Yahoo will stop letting people sign into its services with their Google or Facebook credentials, in a move that carries both symbolic and financial implications for Yahoo CEO Marissa Mayer’s attempts to re-boot the struggling Internet pioneer.
In coming months, Yahoo will require users to sign in with a Yahoo account when they want to access services like Flickr or Fantasy Sports. As first reported by Reuters’ Alexei Oreskovic, the company plans to phase out its practice of accepting user names and passwords from two of its biggest online rivals.
“This new process, which now asks users to sign in with a Yahoo username, will allow us to offer the best personalized experience to everyone,” a spokeswoman told Silicon Beat. She added that Yahoo is streamlining its sign-in process to include a single account and password for all Yahoo products, which is what Google does with its services. (SEE UPDATE BELOW.)
Google and Facebook have long encouraged other websites to accept their users’ sign-in credentials. That helps those sites get more visitors, by eliminating the “friction” of signing in with a different account.
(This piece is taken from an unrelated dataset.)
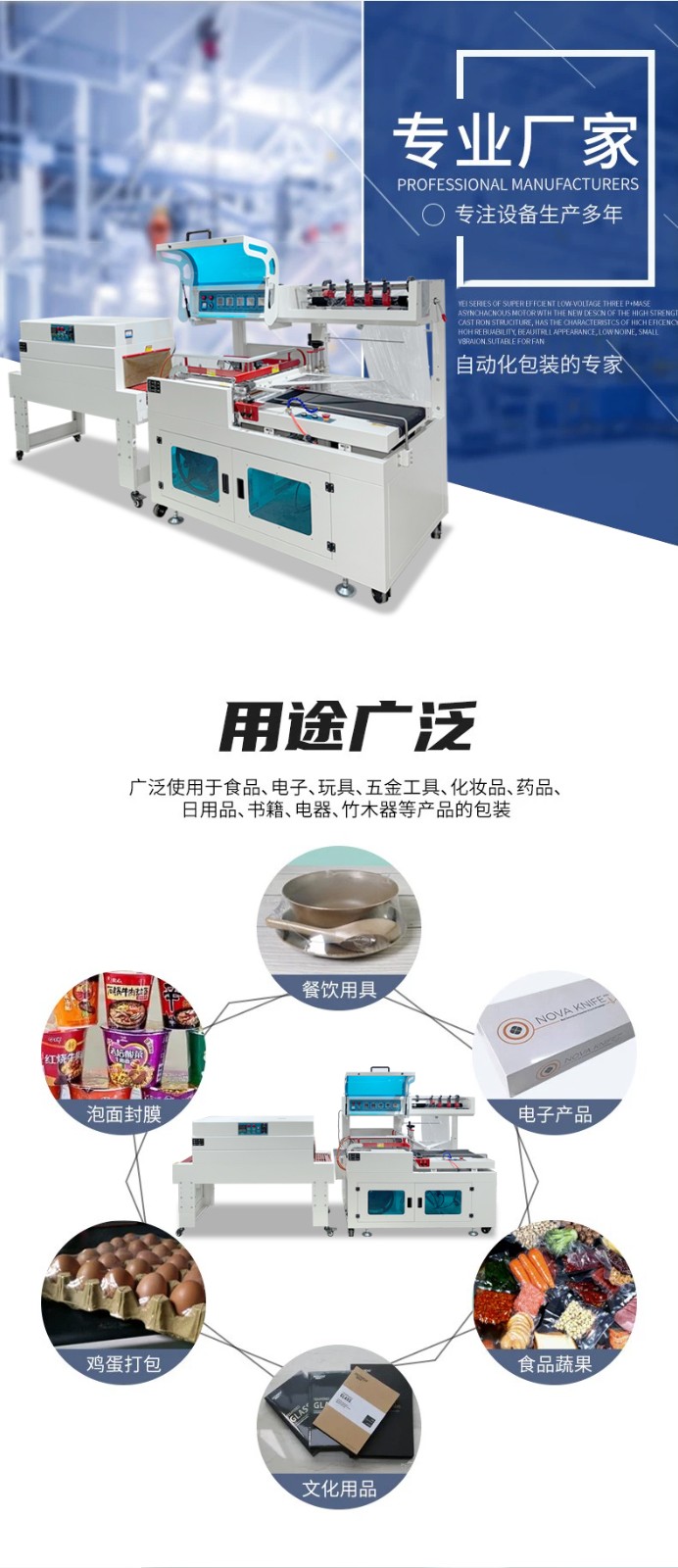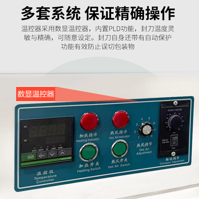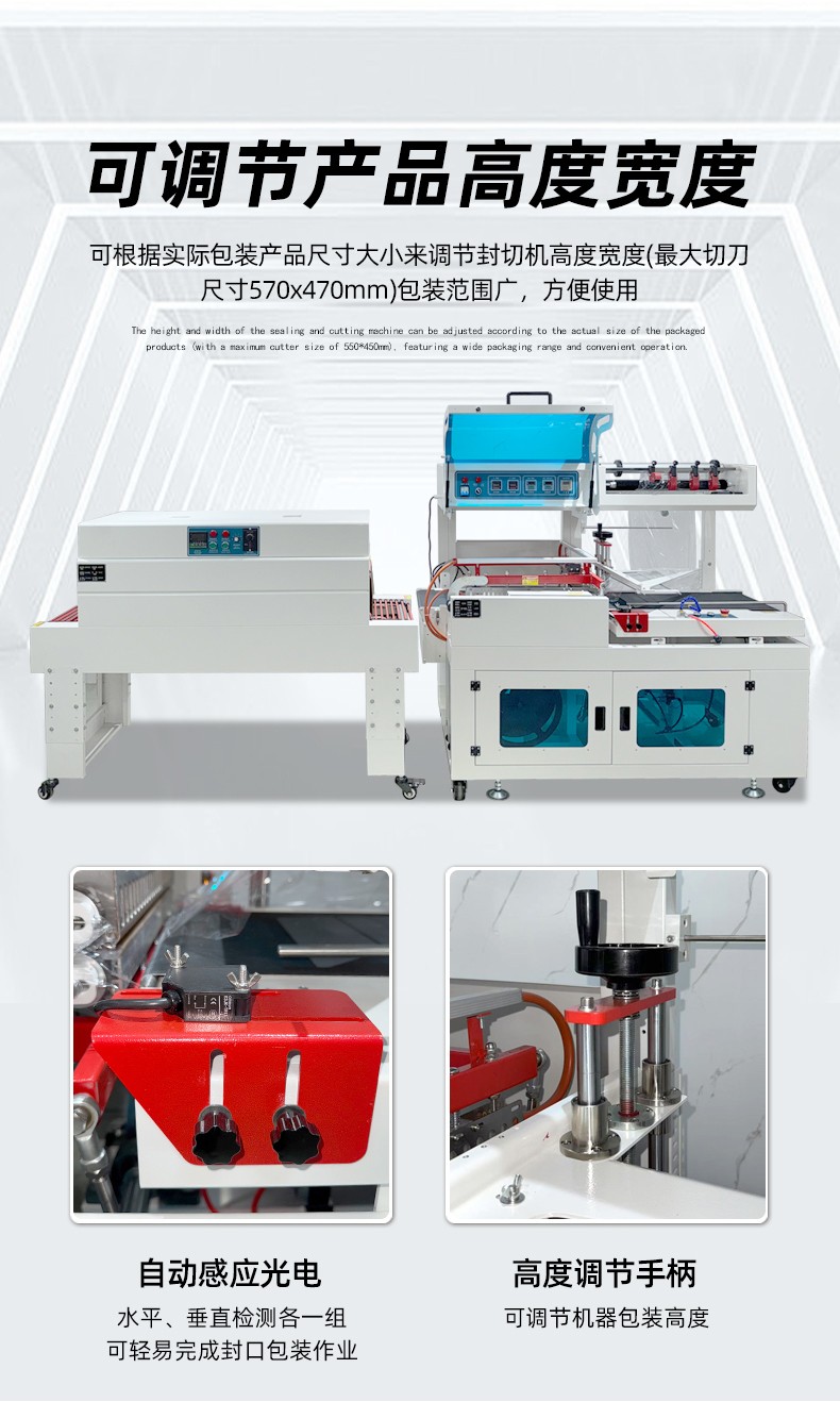 - 設備可通過調節 “輸送帶速度、封切溫度、收縮溫度”,適配不同尺寸產品(通常適用產品尺寸:長 50-600mm、寬 30-400mm、高 20-300mm),從小件(如口紅、藥盒)到中件(如禮盒、小家電)均可包裝。

As others have noted, this also helps Google and Facebook promote their own brands and gain data about their users’ travels around the web, which can provide valuable insight for delivering ads.
Yahoo is now putting its own brand first, by reversing a practice that started under former CEO Carol Bartz. Perhaps more importantly, in a financial sense, Mayer is also asserting Yahoo’s control over users’ data by not sharing it with her rivals. That could help Yahoo deliver more personalized advertising along with other services.
Despite her initial efforts to overhaul the company and create new online services for users, Mayer has struggled to turn around Yahoo’s ad business. But the sign-in change follows some other recent initiatives that suggest she isn’t giving up:
Last month, she announced a new program for selling mobile search and display ads. And this week, Ad Age is reporting that Yahoo has begun testing new mobile “app install” ads – or ads that users can click to install new apps on their phones or tablets. Those ads have been lucrative for Facebook and helped that company build a thriving mobile business.
UPDATE: After we asked, a Yahoo spokeswoman said the company’s streamlined log-in plans won’t require a Yahoo account to sign into Tumblr, which has continued to operate autonomously since Yahoo acquired the social blogging service last year.